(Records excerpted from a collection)
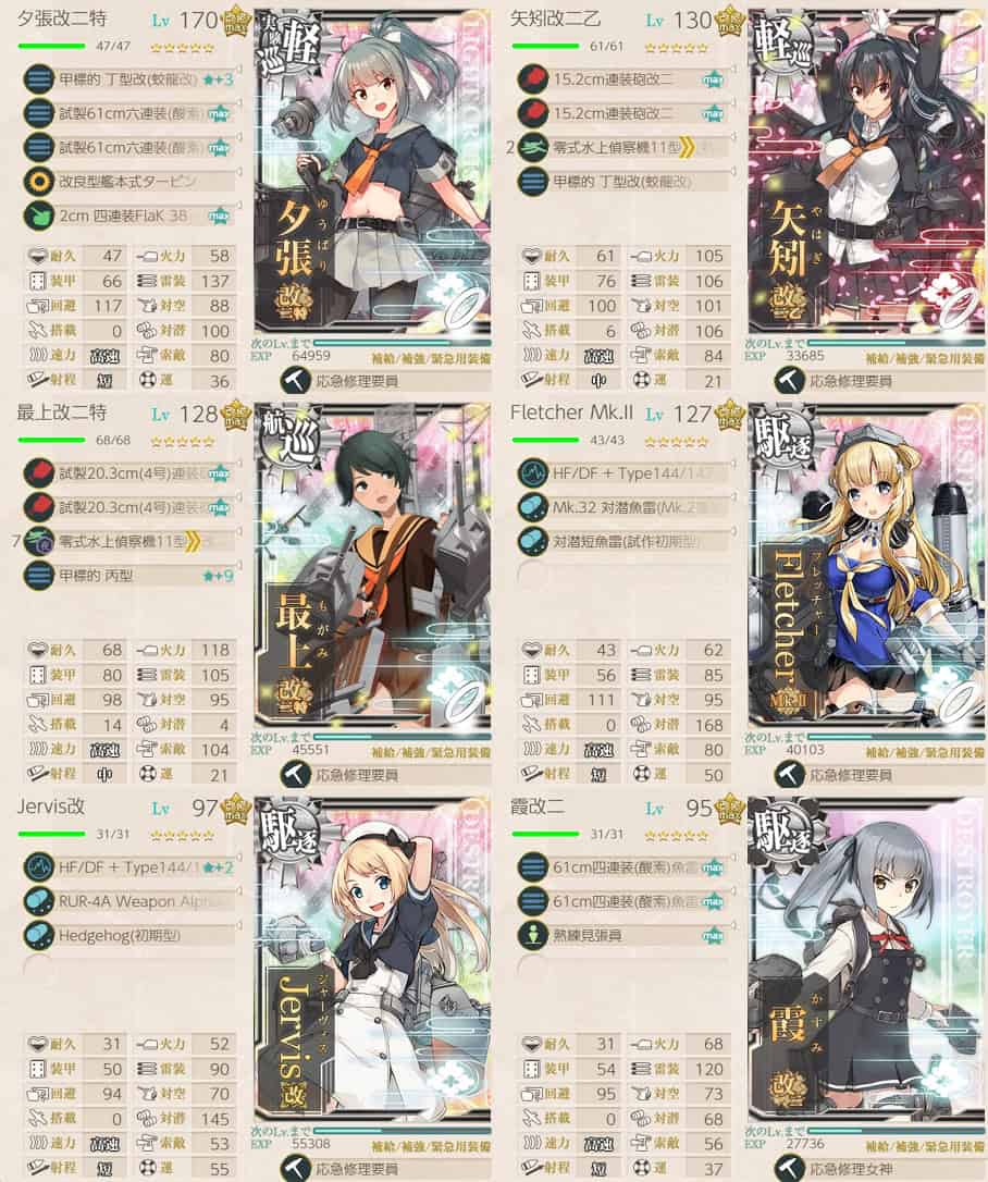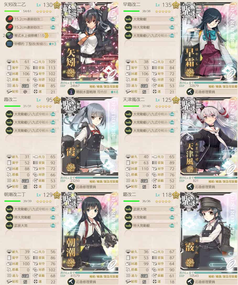 早霜改二を追加。いちおう特効艦なんですが、そんなに厳しいゲージではないのでここで使う必要性は乏しいかも。
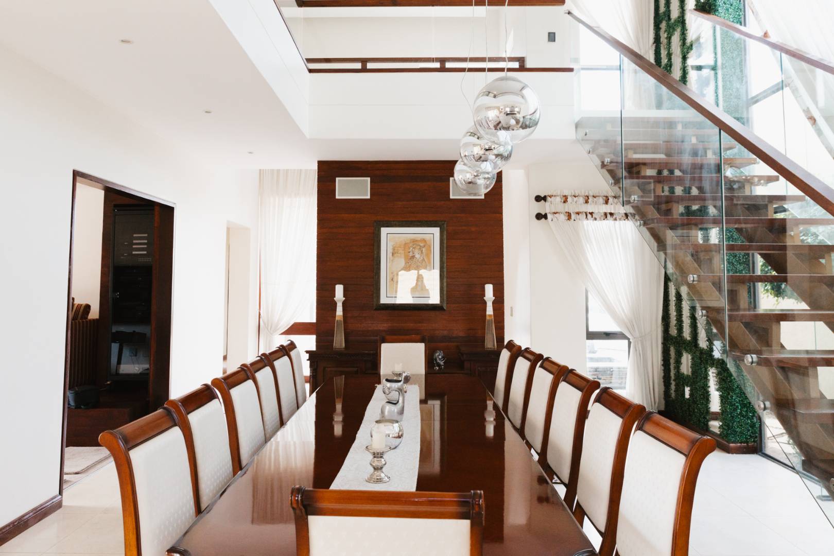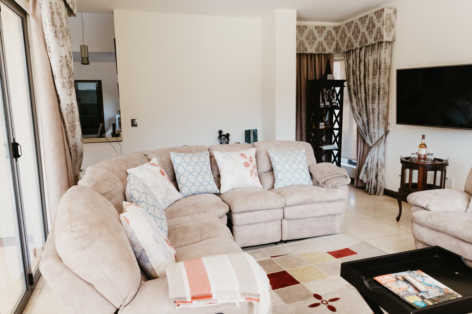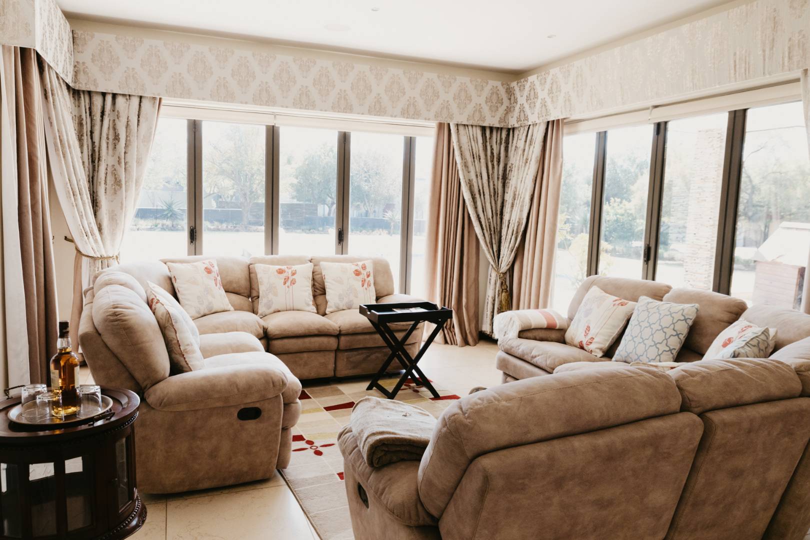 Luxurious privacy is at the forefront as you enter this remarkable home. You are greeted by a double volume entrance hall that sets the tone for the grandeur that lies ahead. A spacious open plan living area that provides ample space for relaxation and entertainment. A well -equipped gourmet kitchen with a separate scullery and pantry that provides enough space for storage and makes meal preparation a breeze.
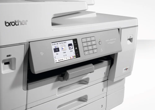 Met de Brother MFCJ6957DW heb je een 4-in-1 inkjetprinter voor een groot kantoor. Dankzij de drie papierlades bewaar je tot wel 750 vellen papier tegelijkertijd, waardoor je niet vaak papier bijvult. Print, kopieer, scan en fax op maximaal een A3 formaat. De printer beschikt over een automatische documentinvoer. Zo scan en kopieer je in één keer tot wel 50 vellen. Bespaar papier met de automatisch dubbelzijdige printfunctie. Je print bedraad met een usb kabel of draadloos via wifi direct, Apple AirPrint en e-mail print. Of bedien de printer met de Brother Mobile Connect app.
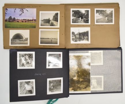 [Far East] Photograph album of a trip to Japan in 1955 including images from Hong Kong Harbour, Silvermine Bay, Wanchai, Moji, Pusan Harbour, Nikko, Kyoto, Osaka Castle and images from Malaya, Ceylon, Negombo, Aden, the Batu Caves etc together with a number of kodak cine film reels 16mm from the 1940s with several labelled Far East Views, Imperial City Japan, Siam Jap Generals and Review of 7th India Division by Lord Jones, another roll of film labelled Peking. Small Chinese green stone ‘laughing’ Buddha statue. An album of holiday photographs and postcards from a trip to Massachusetts and with two albums of America’s Bicentennial Covers 1782-1982 and 1780-1980 with commemorative postage stamps and first day covers with small group of overseas stamps
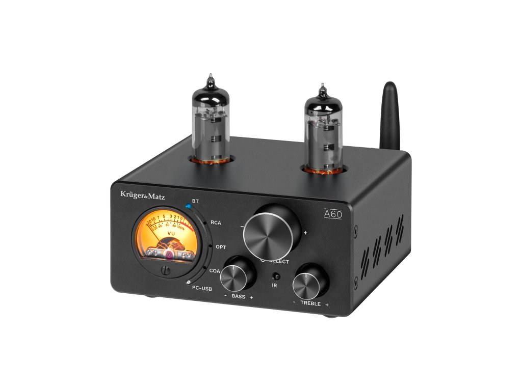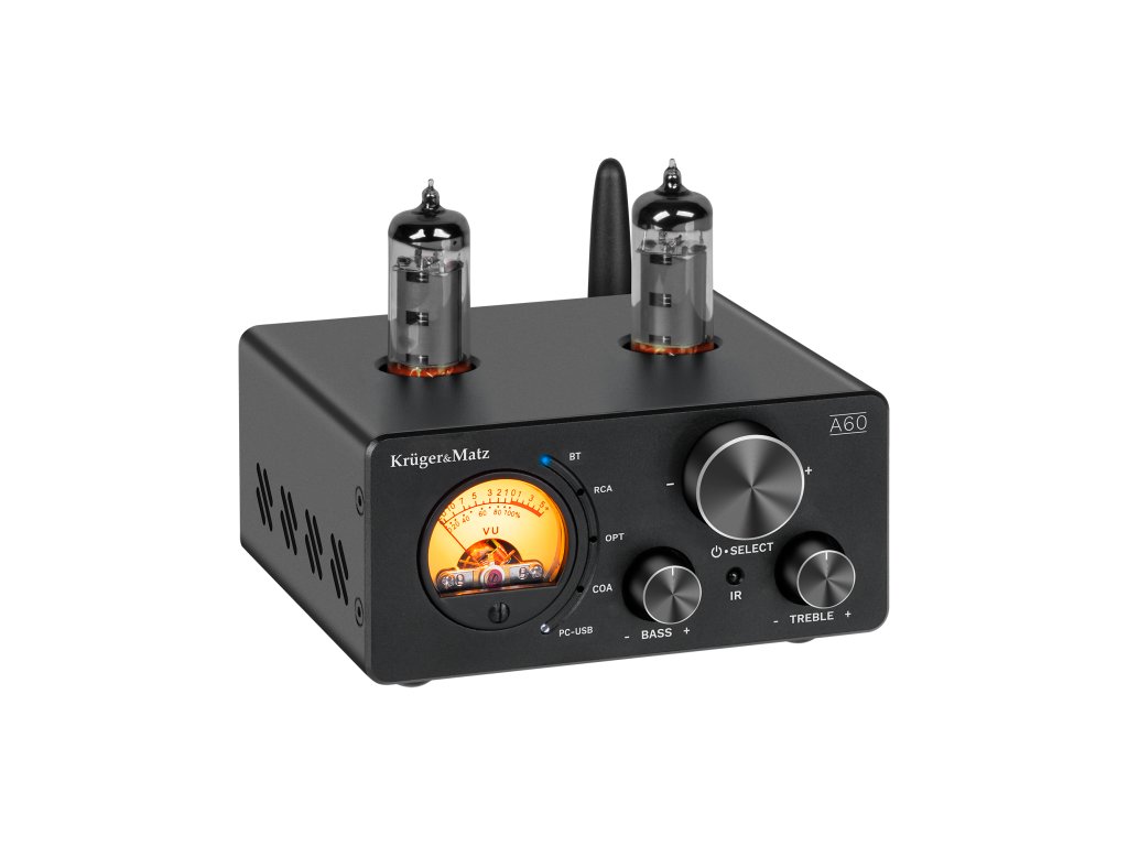 S výkonem 2x100 se stereo zesilovač Kruger&Matz vyznačuje použitím lamp 6K4, které vytvářejí teplý a přirozený zvuk s velkou hloubkou a jasností.
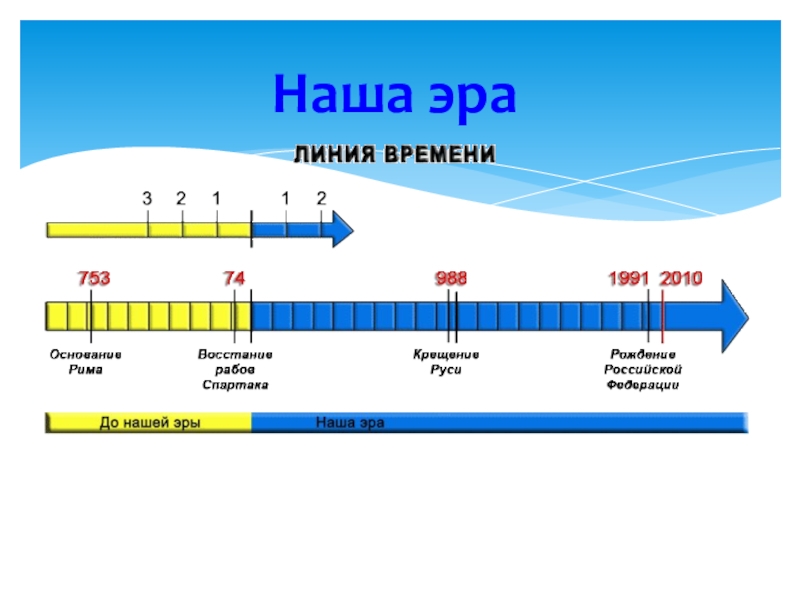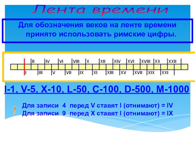 Лента времени Для обозначения веков на ленте времени принято использовать римские цифры.I-1, V-5, X-10, L-50, C-100, D-500,
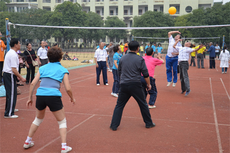 11月8日,学校首届离退休教职工运动会在南校区运动场举行。学校党委副书记、工会主席王赣华出席开幕式并致辞。财务处、资产管理处、保卫处、校医院、附小等部门负责人应邀出席。 本届运动会根据离退休教职工居住区划分为东城区、南校区、屏风一区、屏风二区四个区组队参加,共设有气排球、乒乓球、门球等十个比赛项目,比赛不设个人成绩,只设团体奖、团体总分奖、组织奖,以突出“健康、和谐、文明、愉悦”的运动主题。比赛中,老同志们忘却了年龄和比赛结果,现场一片欢声笑语,其乐融融。运动会不仅促进了老同志间的相互交流,增进了友谊,也丰富了老同志的文化娱乐生活。 为了保证运动会安全、有序的进行,本届运动会还组织了由校医院、保卫处、大学生组成的志愿者服务队伍。
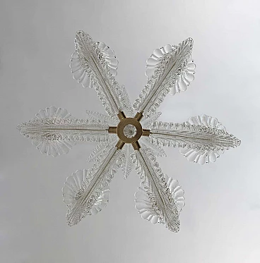 Art Deco Murano glass and brass chandelier by Ercole Barovier, 1930s 2
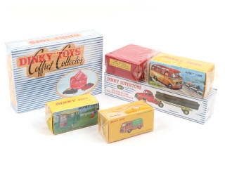 réédition 'DINKY TOYS' - comprend les références : coffret 24UXT (avec cales, surboite avec inscriptions, certificat & fascicule - véhicules jamais ouverts, avec plastiques d'origine), 541, 563, 565 (ouverts), 36A & 25O (sous plastiques jamais ouverts)
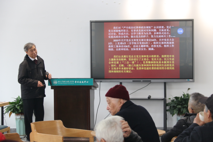李孟仁通报了离退休党总支工作开展情况。2023年,离退休党总支工作坚持以“三项建设”为工作核心,以提高服务质量为目标,积极组织各种适合老同志特点的活动,充分发挥离退休老教师在党的建设、人才培养、文化传承等方面独特优势,助力学院改革事业发展。
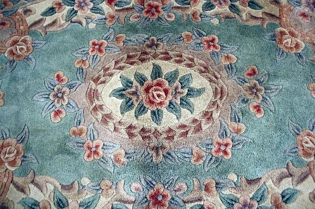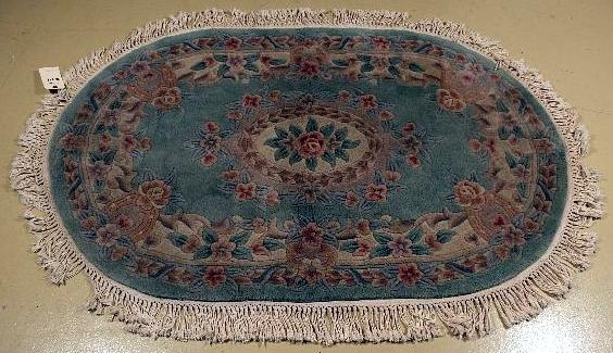 A Chinese Oval Wool Rug with Back Cover, 3 ft 2 in x 5 ft

REQUIREMENT: An exact copy of the data is required, with the pictures excluded.

TASK RESULT:
 早霜改二を追加。いちおう特効艦なんですが、そんなに厳しいゲージではないのでここで使う必要性は乏しいかも。
 Luxurious privacy is at the forefront as you enter this remarkable home. You are greeted by a double volume entrance hall that sets the tone for the grandeur that lies ahead. A spacious open plan living area that provides ample space for relaxation and entertainment. A well -equipped gourmet kitchen with a separate scullery and pantry that provides enough space for storage and makes meal preparation a breeze.
 Met de Brother MFCJ6957DW heb je een 4-in-1 inkjetprinter voor een groot kantoor. Dankzij de drie papierlades bewaar je tot wel 750 vellen papier tegelijkertijd, waardoor je niet vaak papier bijvult. Print, kopieer, scan en fax op maximaal een A3 formaat. De printer beschikt over een automatische documentinvoer. Zo scan en kopieer je in één keer tot wel 50 vellen. Bespaar papier met de automatisch dubbelzijdige printfunctie. Je print bedraad met een usb kabel of draadloos via wifi direct, Apple AirPrint en e-mail print. Of bedien de printer met de Brother Mobile Connect app.
 [Far East] Photograph album of a trip to Japan in 1955 including images from Hong Kong Harbour, Silvermine Bay, Wanchai, Moji, Pusan Harbour, Nikko, Kyoto, Osaka Castle and images from Malaya, Ceylon, Negombo, Aden, the Batu Caves etc together with a number of kodak cine film reels 16mm from the 1940s with several labelled Far East Views, Imperial City Japan, Siam Jap Generals and Review of 7th India Division by Lord Jones, another roll of film labelled Peking. Small Chinese green stone ‘laughing’ Buddha statue. An album of holiday photographs and postcards from a trip to Massachusetts and with two albums of America’s Bicentennial Covers 1782-1982 and 1780-1980 with commemorative postage stamps and first day covers with small group of overseas stamps
 S výkonem 2x100 se stereo zesilovač Kruger&Matz vyznačuje použitím lamp 6K4, které vytvářejí teplý a přirozený zvuk s velkou hloubkou a jasností.
 Лента времени Для обозначения веков на ленте времени принято использовать римские цифры.I-1, V-5, X-10, L-50, C-100, D-500,
 11月8日,学校首届离退休教职工运动会在南校区运动场举行。学校党委副书记、工会主席王赣华出席开幕式并致辞。财务处、资产管理处、保卫处、校医院、附小等部门负责人应邀出席。 本届运动会根据离退休教职工居住区划分为东城区、南校区、屏风一区、屏风二区四个区组队参加,共设有气排球、乒乓球、门球等十个比赛项目,比赛不设个人成绩,只设团体奖、团体总分奖、组织奖,以突出“健康、和谐、文明、愉悦”的运动主题。比赛中,老同志们忘却了年龄和比赛结果,现场一片欢声笑语,其乐融融。运动会不仅促进了老同志间的相互交流,增进了友谊,也丰富了老同志的文化娱乐生活。 为了保证运动会安全、有序的进行,本届运动会还组织了由校医院、保卫处、大学生组成的志愿者服务队伍。
 Art Deco Murano glass and brass chandelier by Ercole Barovier, 1930s 2
 réédition 'DINKY TOYS' - comprend les références : coffret 24UXT (avec cales, surboite avec inscriptions, certificat & fascicule - véhicules jamais ouverts, avec plastiques d'origine), 541, 563, 565 (ouverts), 36A & 25O (sous plastiques jamais ouverts)
李孟仁通报了离退休党总支工作开展情况。2023年,离退休党总支工作坚持以“三项建设”为工作核心,以提高服务质量为目标,积极组织各种适合老同志特点的活动,充分发挥离退休老教师在党的建设、人才培养、文化传承等方面独特优势,助力学院改革事业发展。
 A Chinese Oval Wool Rug with Back Cover, 3 ft 2 in x 5 ft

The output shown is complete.